■ INFORMATION PROVIDED:
----------

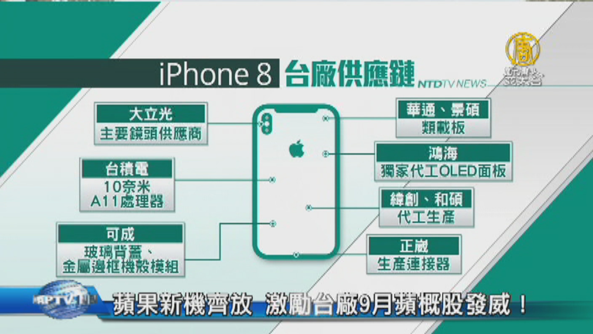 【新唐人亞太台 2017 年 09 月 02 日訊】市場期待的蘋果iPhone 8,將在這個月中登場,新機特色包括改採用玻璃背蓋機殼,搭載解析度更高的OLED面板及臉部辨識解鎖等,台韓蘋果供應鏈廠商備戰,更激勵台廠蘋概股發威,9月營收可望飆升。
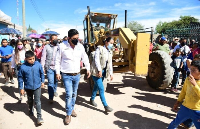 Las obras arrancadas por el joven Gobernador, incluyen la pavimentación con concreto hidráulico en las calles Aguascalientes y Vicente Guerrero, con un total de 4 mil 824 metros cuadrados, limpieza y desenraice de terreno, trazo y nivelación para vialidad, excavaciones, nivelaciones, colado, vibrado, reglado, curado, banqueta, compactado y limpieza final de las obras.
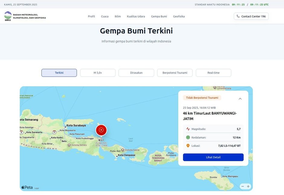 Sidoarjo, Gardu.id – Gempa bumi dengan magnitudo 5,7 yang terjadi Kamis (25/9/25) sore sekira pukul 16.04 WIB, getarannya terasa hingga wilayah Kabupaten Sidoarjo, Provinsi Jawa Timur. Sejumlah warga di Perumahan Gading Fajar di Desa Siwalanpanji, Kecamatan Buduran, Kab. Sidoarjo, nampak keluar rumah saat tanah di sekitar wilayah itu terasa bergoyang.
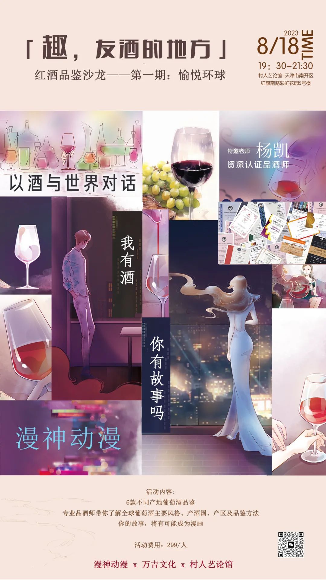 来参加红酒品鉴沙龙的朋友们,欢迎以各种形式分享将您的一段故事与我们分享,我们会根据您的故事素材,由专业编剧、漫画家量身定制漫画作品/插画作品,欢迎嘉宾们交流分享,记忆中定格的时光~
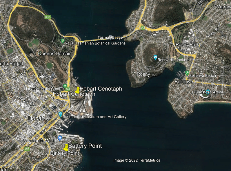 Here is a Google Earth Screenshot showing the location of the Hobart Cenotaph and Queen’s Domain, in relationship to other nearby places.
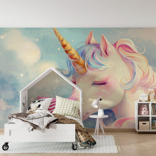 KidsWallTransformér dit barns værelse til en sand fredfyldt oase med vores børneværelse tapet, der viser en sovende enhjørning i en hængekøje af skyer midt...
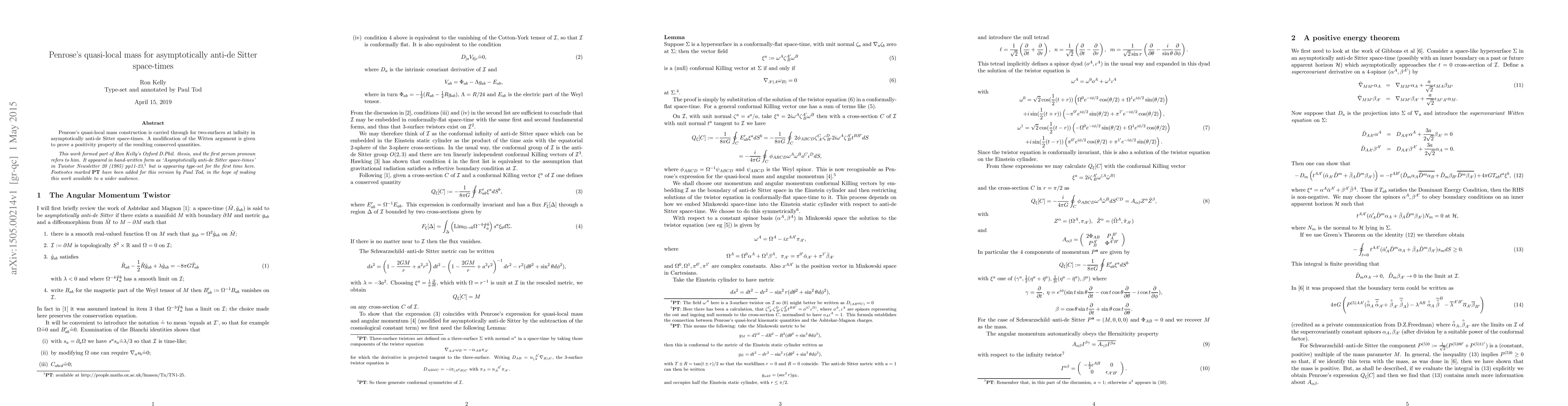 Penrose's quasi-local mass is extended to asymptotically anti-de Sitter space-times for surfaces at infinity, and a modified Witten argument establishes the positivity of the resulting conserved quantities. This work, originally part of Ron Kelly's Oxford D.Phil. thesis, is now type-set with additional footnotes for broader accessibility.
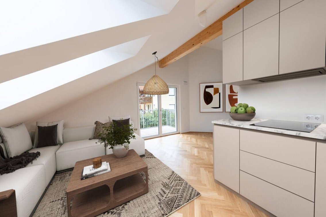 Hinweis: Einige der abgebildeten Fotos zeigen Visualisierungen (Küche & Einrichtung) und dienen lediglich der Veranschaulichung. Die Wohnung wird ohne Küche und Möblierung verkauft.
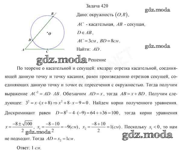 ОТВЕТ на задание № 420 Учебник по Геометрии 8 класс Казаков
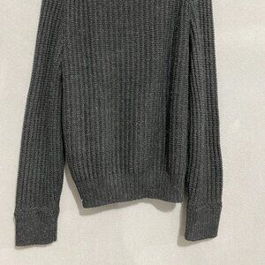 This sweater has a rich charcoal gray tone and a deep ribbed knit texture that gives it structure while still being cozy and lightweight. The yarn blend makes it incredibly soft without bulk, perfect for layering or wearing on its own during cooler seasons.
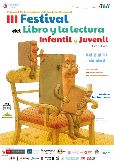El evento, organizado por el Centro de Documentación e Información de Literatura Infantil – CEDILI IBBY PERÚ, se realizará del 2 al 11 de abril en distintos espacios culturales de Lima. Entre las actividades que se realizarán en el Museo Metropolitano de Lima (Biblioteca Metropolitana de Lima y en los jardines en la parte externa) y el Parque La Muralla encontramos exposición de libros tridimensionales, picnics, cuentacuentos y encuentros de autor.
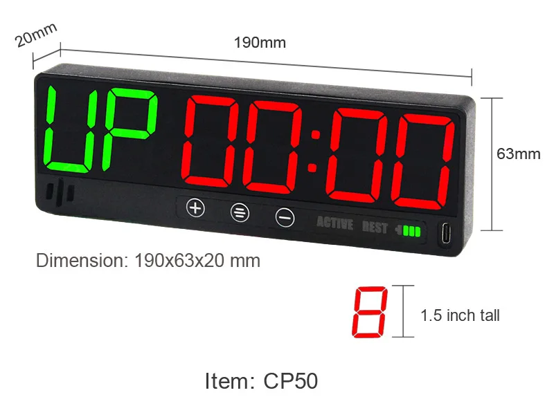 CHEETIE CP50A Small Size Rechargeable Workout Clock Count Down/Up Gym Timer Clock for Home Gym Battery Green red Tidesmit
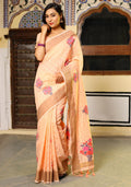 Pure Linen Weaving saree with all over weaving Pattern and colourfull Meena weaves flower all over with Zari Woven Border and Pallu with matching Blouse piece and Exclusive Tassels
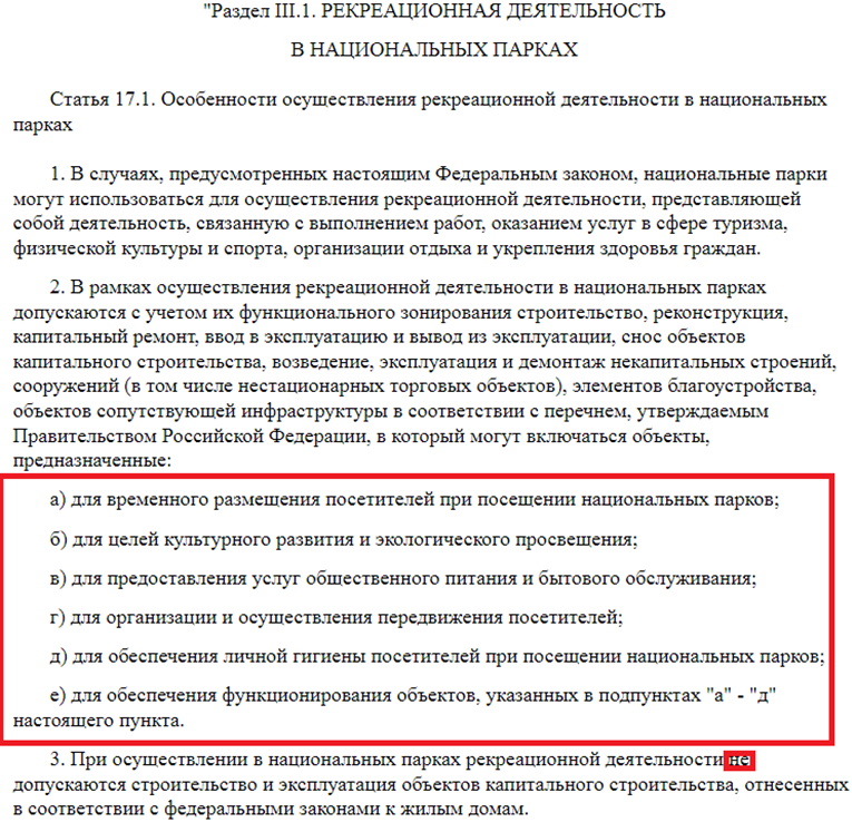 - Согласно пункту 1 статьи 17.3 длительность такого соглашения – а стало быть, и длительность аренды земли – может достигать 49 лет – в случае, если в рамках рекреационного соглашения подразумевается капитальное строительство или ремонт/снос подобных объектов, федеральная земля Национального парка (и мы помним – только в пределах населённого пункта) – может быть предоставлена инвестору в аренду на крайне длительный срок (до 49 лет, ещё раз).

----------

■ TASK GOAL:
Write out exactly the lines of the material above, starting with the first and finishing with the line that contains "Las obras arrancadas", without pictures.

■ TASK RESPONSE:
 【新唐人亞太台 2017 年 09 月 02 日訊】市場期待的蘋果iPhone 8,將在這個月中登場,新機特色包括改採用玻璃背蓋機殼,搭載解析度更高的OLED面板及臉部辨識解鎖等,台韓蘋果供應鏈廠商備戰,更激勵台廠蘋概股發威,9月營收可望飆升。
 Las obras arrancadas por el joven Gobernador, incluyen la pavimentación con concreto hidráulico en las calles Aguascalientes y Vicente Guerrero, con un total de 4 mil 824 metros cuadrados, limpieza y desenraice de terreno, trazo y nivelación para vialidad, excavaciones, nivelaciones, colado, vibrado, reglado, curado, banqueta, compactado y limpieza final de las obras.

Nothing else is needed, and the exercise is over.